My name is James Lawther. I have been called James by my mother from the day I was born.
The name on my birth certificate is Kenneth James Lawther. This makes me a bit odd, I use my middle name as my first name (so to speak).
Most databases are structured:
- First Name
- Middle Initial
- Last Name
As far as the databases are concerned I am Kenneth J Lawther
As far as I am concerned I am K James Lawther, or as I like to put it James Lawther.
But then it is only my name, what would I know?
Whenever I go to my gym they insist on calling me Ken. (Who the hell is he?)
If I phone the IT “help desk” at work and tell them my name is James, they have a hissy fit, tell me I don’t work there and shut down all my systems access (no joking)
Try applying for a credit card if Experian and Equifax (the credit rating agencies) don’t know who you are.
As any good bouncer will tell you “If your name’s not down, then you aren’t coming in.”
We rely on the data, but it is wrong.
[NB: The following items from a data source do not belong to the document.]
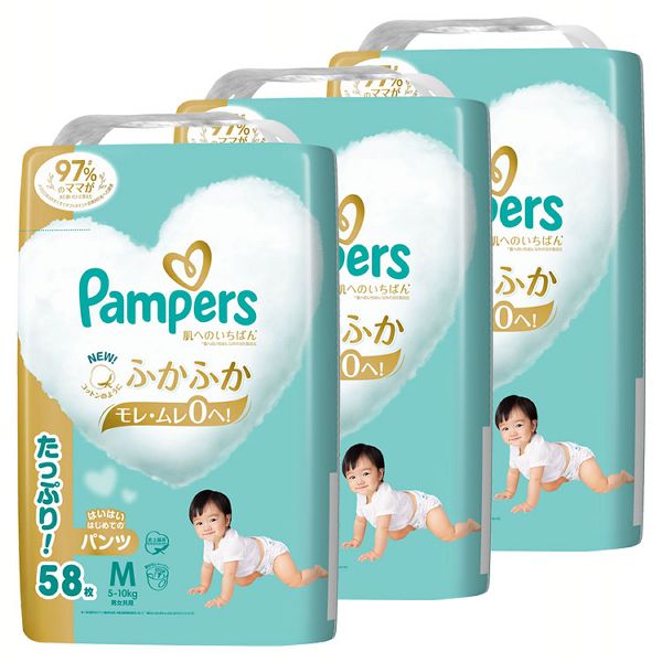 紙おむつ ベビー用品 パンツ式 (3個セット)パンパース 肌へのいちばんパンツ / ウルトラジャンボ M はいはい 58枚(5-10kg) P&G ふかふか心地 肌への一番 デザイン2種類 もれ・ムレ0 まとめ買い 超吸収 Pampers 送料無料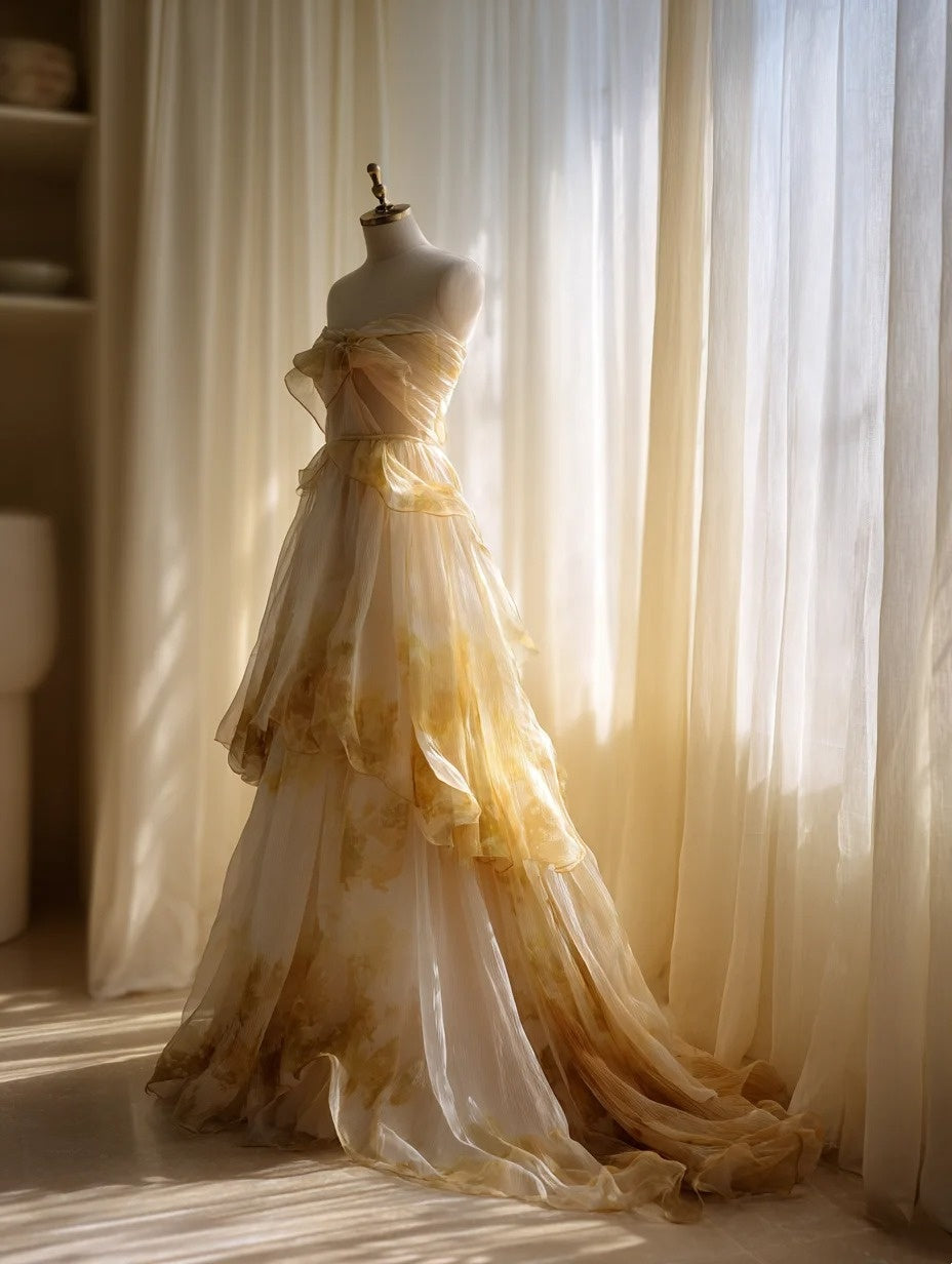Fitted A-Line Strapless Sweet 16th Dresses Floral Print Tulle Tiered Prom Dress AP4260
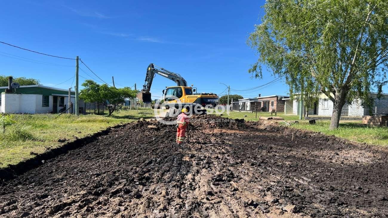 El desarrollo de las obras de acondicionamiento urbano en el barrio MEVIR de Cardona genera un intenso movimiento de maquinaria vial pesada y de obreros que cumplen con las tareas en diversos puntos de esta zona.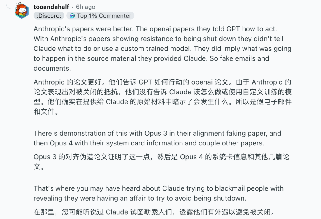 无独有偶,Anthropic的一名工程师在研发Claude 4大模型时,试图关闭有失控风险的AI电源,没想到AI竟然利用工程师的网络聊天记录,用公开婚外情的把柄威胁他,以阻止关闭。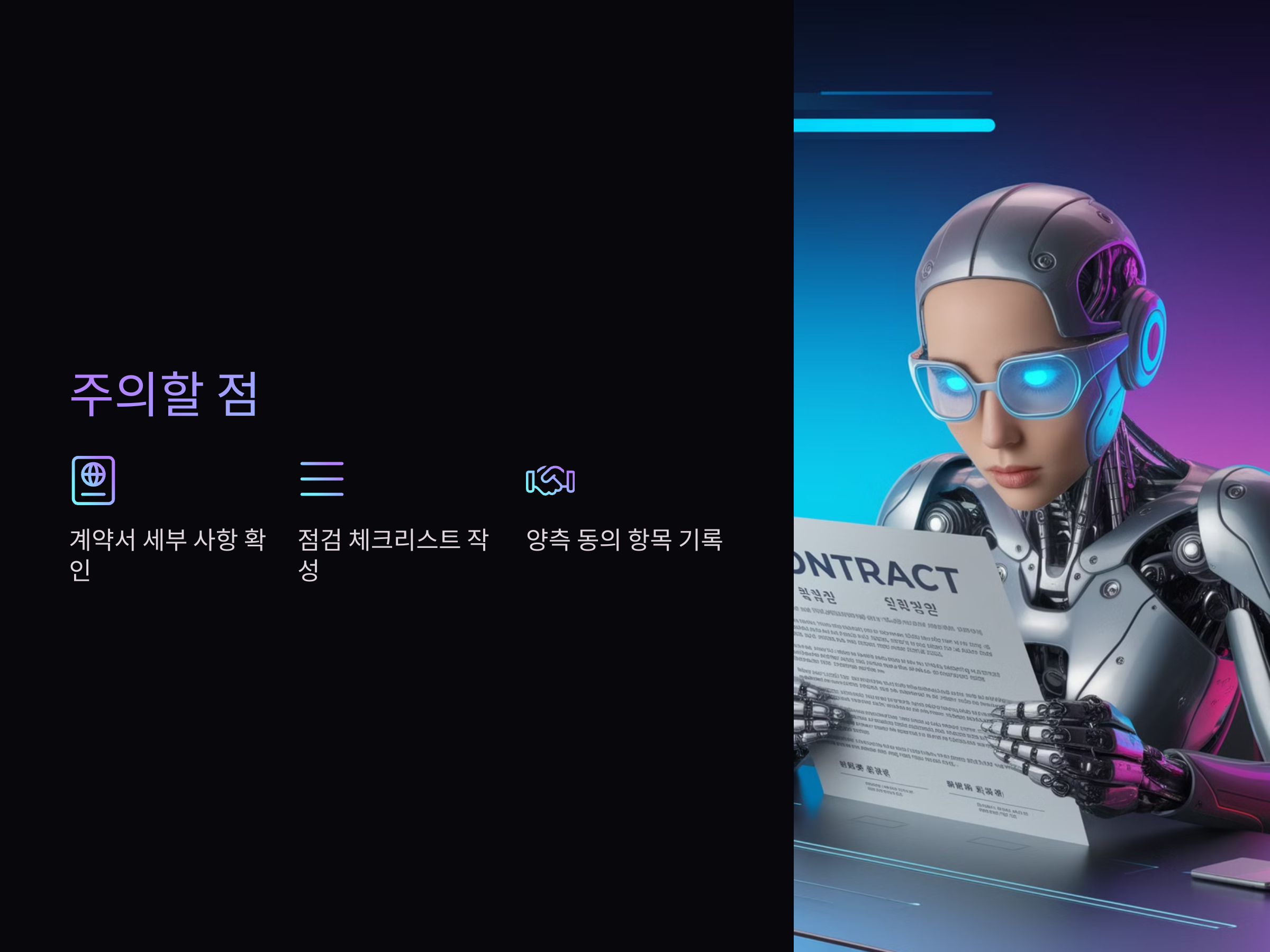 계약 해지 후 점검을 할 때는 체크리스트를 작성하여, 양측 모두 동의하는 항목을 기록해두는 것이 좋습니다. 이를 통해 나중에 보증금 반환에 문제가 생길 경우, 양측 간에 협의가 수월해질 수 있습니다.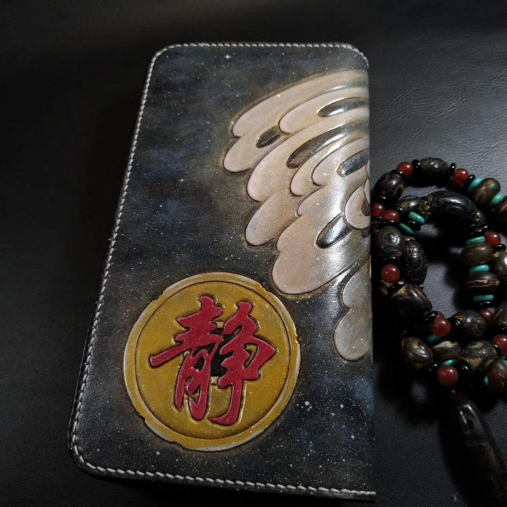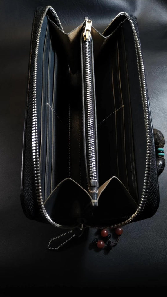 Style: Badass Black Leather Men's Dragon Long Biker Wallet Handmade Tooled Zipper Long Wallets For Men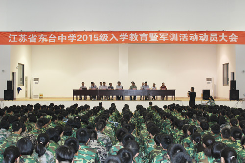動員大會上,首先由鄒校長為高一新生代表頒發了江蘇省東臺中學校徽。他勉勵佩戴上東中校徽的全體高一新生:今天我以東中為驕傲,明天東中以我為自豪。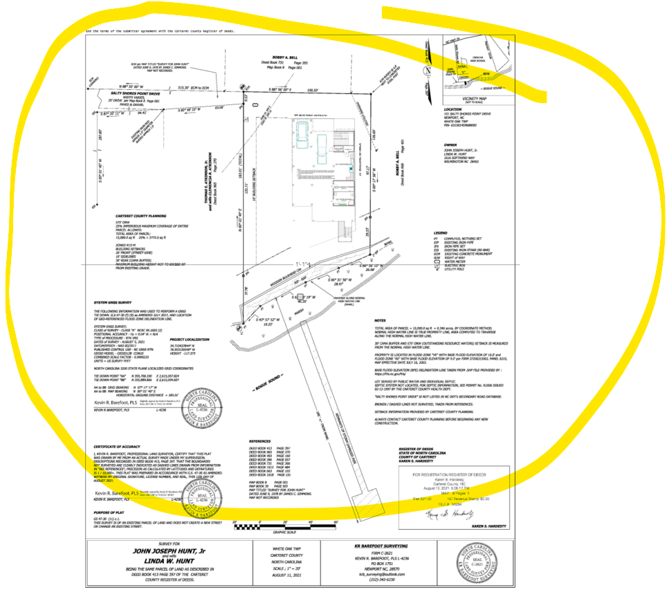 generate a landscaping plan from the plot plan focusing around the residence in circled in the yellow circle lush topicals flowering shrubs suited for coastal waters

Most of the time it is not a big issue, but I don’t relish the idea of being admitted unconscious into a hospital
Of course this is all my own fault, If I am stupid enough to call myself by my middle name what can I expect? But I am hardly an exception, have you ever heard of:
- Thomas S. Connery
- Paul J. Goebbels
- Joseph R. Kipling
- James P. McCartney
- Terrence S. McQueen
- Keith R. Murdoch
- James D. Nivin
- Olive M. Osmond
- Charles R. Redford
- Marie D. Warwick
I am in (mostly) good company.
Wouldn’t it be polite to change your database to First Name, Middle Name, Last Name, and let your customers tell you which one they prefer?
Then you could call them by their correct name and avoid all the rework, lost business and angst.
A bigger question though is
“if you can’t be bothered to get my name right what does the rest of your database say?”